La que estuvo en el inicio de toda vida y la entrego.
La que fue testigo del propio destino y no le temio.
La que perdio oportunidades en el amor.
La que mordio el presente.
La que no miro el futuro.
La que invento pretextos para los desmemoriados.
La que intento decirte: estoy aquí oyeme.
La que desenterro el hambre de la especie.
La que te soño.
La que corrio detras del pasajero sin nombre.
La que arrodillada en los caminos suplicaba.
La que llego a la hora de los fuegos.
La que abrio las entrañas y regalo el corazón inutilmente...
La que fue madre ... y no lo fue.
La que nombraba el alba.
La que no lloro al entregar las edades.
La que aromó la nomenclatura de las fabulas.
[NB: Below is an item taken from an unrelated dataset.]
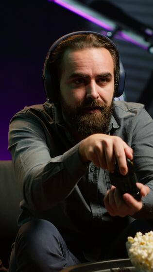 Vertical Man looking in disbelief at TV screen while playing videogames, receiving game over message on gaming console. Gamer upset after being defeated by rival players in online esports competition, camera A Pro Video

La que fue ángel y mujer en el deseo.
La que entrego la boca en los infiernos.
La que fue fiel a las ausencias...
La que fue turbia y transparente.
La que fue agua y niebla.
La que no dudo ser simiente de vida.
La que supo que la muerte es lenta y espera.
La que creyo que el tiempo era un río iluminado.
La que se mantuvo viva en el misterio y estableció
una tregua en el ardiente inventario de los días...
Esa soy.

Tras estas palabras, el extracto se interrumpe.